As much as I didn’t want to fall in love with this book, I did. I nearly put the book down in the first two pages solely due to the writing style, but thank goodness, I didn’t and I urge you not to if you try reading it. The story is beautiful, and (despite the most epic, want-to-kill-the-author-because-of-character-death scene) totally worth reading. It travels quickly though not too light of a read. I did find it predictable, but the story is about the how the character handles it, not about being surprised by it. I look forward to reading the next in the trilogy, though it’ll be quite a while before I get to it.
NaNoWriMo is doing something that I couldn’t pass up. It is their #my1ststory campaign. The photo above is mine. I almost wrote about my 1st grade poetry since it was technically my first real writing experience, but is not what fueled my creative writing. My sister did that. So here’s a big shoutout to her:
Towim, thanks for inspiring my creative writing! You’re the bestest big sister ever!
The day couldn’t be more pleasant as I sit here on the stoop of my high school where I first began to figure out who I wanted to be.
The breeze is cool, the birds are chirping, and my dog is acting like a fool because a bunny ran in front of us.
It may yet rain, but aside from fear of my tablet or notebook getting wet, I can’t think of any reason I wouldn’t want it to rain on a day like this.
I’m not feeling quite as nostalgic as I guess I had hoped to be. I’m a little sad that the bushes my friends used to smoke behind are gone.
Apparently, the new principal is a little wiser than the old one. I worry that some shy, searching young person may miss out on my own experiences, but kids are resilient. I’m sure they have found anew place to hide from the prying eyes of authority.
I don’t miss the place very much, though I hardly ever visit it. There is a melancholy in the air, but that may just be because school is out, and it is Sunday morning so everyone is at church. Yes there are still places where the town gets all twilight-zonie Sunday mornings. It might be a good setting for a horror story should I ever get the balls to write one.
I’m going to walk back to the homestead now. Mom and Granny are probably rolling out of bed and wondering where I ran off to.
Two days…for two days, I have forgotten my writing bag at home.
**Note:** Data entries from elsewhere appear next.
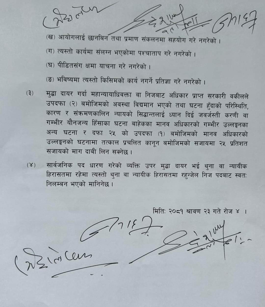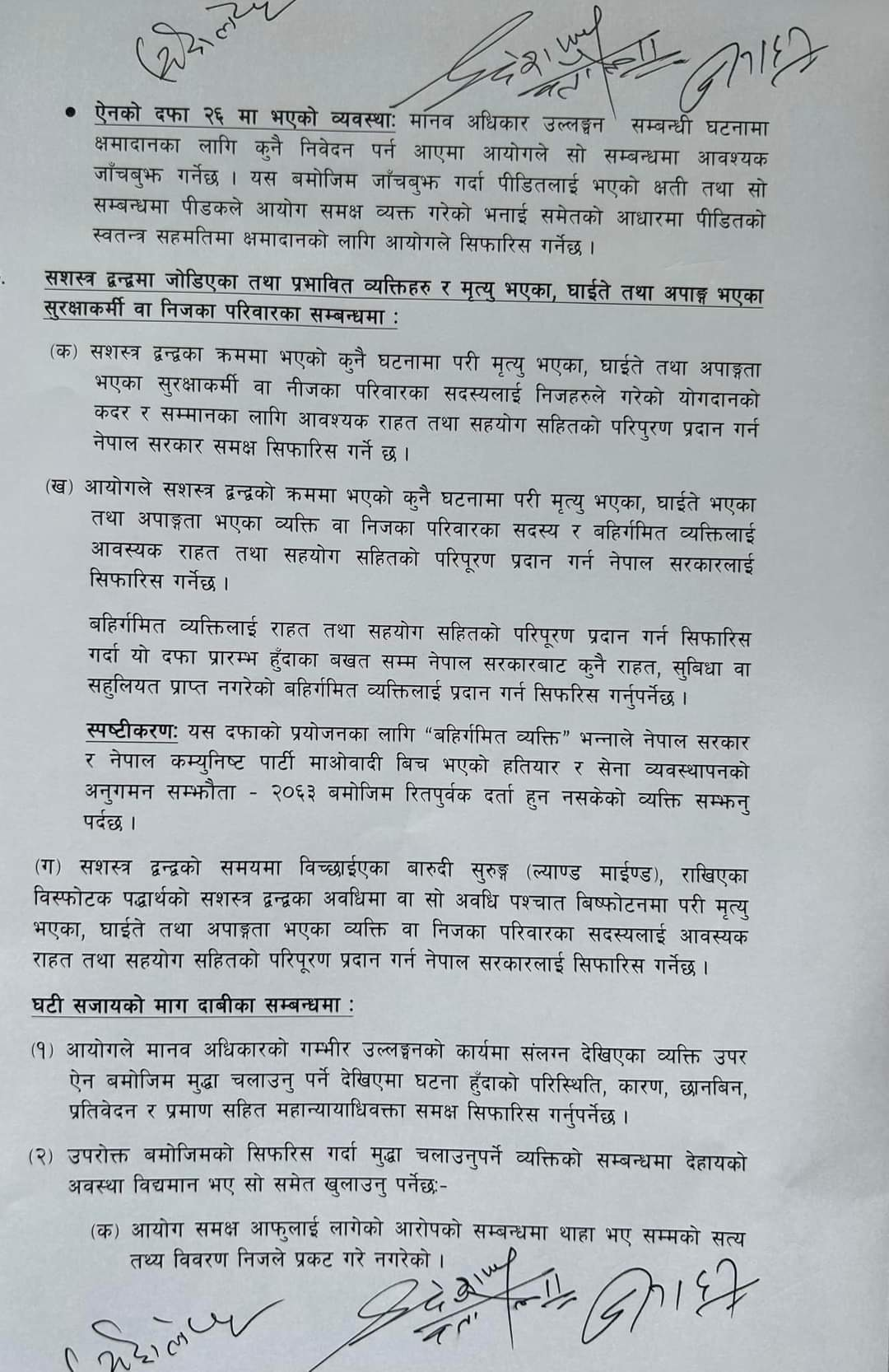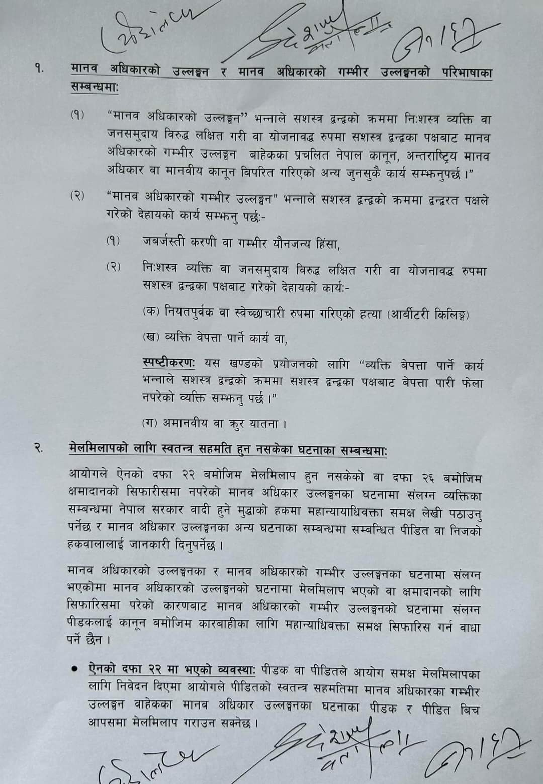 मानव अधिकारको गम्भीर उल्लंघनको परिभाषा, मेलमिलापको लागि स्वतन्त्र सहमति हुन नसकेका घटना, सशस्त्र द्वन्द्वताका मृतक, घाइते, अपाङ्गता भएका सुरक्षाकर्मी र निजका परिवार, घटी सजायको मागदाबीजस्ता विषयमा सहमति गरी कार्यदलले ४ पृष्ठको प्रतिवेदन तयार पारेको थियो।
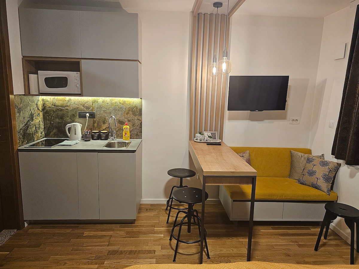 Beautiful small but very cozy apartment in a new building located in heart of Sarajevo with an amazing view of the city. The apartment is fully renovated with state-of-the-art compliances and furniture. Perfect for single businessman or couple. Sarajevo View in Sarajevo offers accommodation with free WiFi and Air Condition. The apartment is fitted with a TV and bedroom. The kitchen has a microwave, fridge, kettle. Eternal Flame in Sarajevo is a 14-minute walk from the apartment
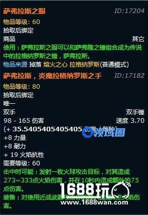 对萨弗隆战锤使用萨弗拉斯之眼,就能得到“萨弗拉斯,炎魔拉格纳罗斯之手”。

I feel like I’m not going to reach any of my goals this way, but to put a positive spin on this, I’ve been hyper-vigilant about addressing other goals that I don’t need my writing bag for.
For instance, blogging. I’d probably not be blogging today if I had my writing bag. I spent yesterday on a newfound website called The Next Big Writer. It is a critique website that makes you earn posting rights by critiquing. I spent most of yesterday on it and had a lot of fun. I also spent some time making new goals for the upcoming year to help myself become a more prolific writer. Also, I bit the bullet and spent the $35 to sign up for my third year doing 3-Day Novel. Seriously, don’t even think about it, just go sign up. Right now.
So I can’t hang my head in too much shame. I’ve accomplished more than I probably would have if I’d brought my writing bag. Of course, I always have a pen and paper, so nothing can really stop me from writing.
I’ll be with family tomorrow back in my old hometown of Tarkio, MO. I’ll have about three hours to kill in the morning and I’m considering going to write on my old high school stoop where I used to keep an eye out for the principle while my friends hid in the bushes to smoke. Sometime a little nostalgia is good for the writer’s soul.
My husband and I always seem to have the most random-yet interesting-talk in the morning while I’m getting ready for work. He’s half asleep and I still have half a mouthful of toothpaste.
This morning, he randomly said, “I’ve been playing out this scene from a Card book in my head all night where he’s walking down a hallway and describing an object in detail all the while saying how unimportant the object is.”
I said, “You of all people should appreciate a good focus object.” (He has ADHD)
Then I rambled on about one of my novels I’m editing and about how I’d added in 1000 words of focus object yesterday to help slow the pace and ground the reader.
He asked what I was working on and I told him. Then he said, “You know, if you ever manage to get a book banned, it’ll be that one.”
And it hit me: I would be so proud to have a book banned one day.
I love going to my closest locally owned bookstore and perusing the banned book isle. My favorite class in high school was “Novels” because we spent the semester reading books that had been banned. Then I wondered why. Is my nature just that contrary.
I decided the answer is: No. I’m not contrary. I just love that words that I created out of nothing could one day evoke that kind of response in someone. I honestly think that as a writer, that would be a defining moment to me. That moment would tell me that my words have weight and they matter. I don’t care what the response is (happy, sad, rebellious, angry).
I just want a response.
Then of course the hubby and I went on to discuss the poetry and music skills of The Doors vs. The Used. I love that man and our early morning bedroom talk.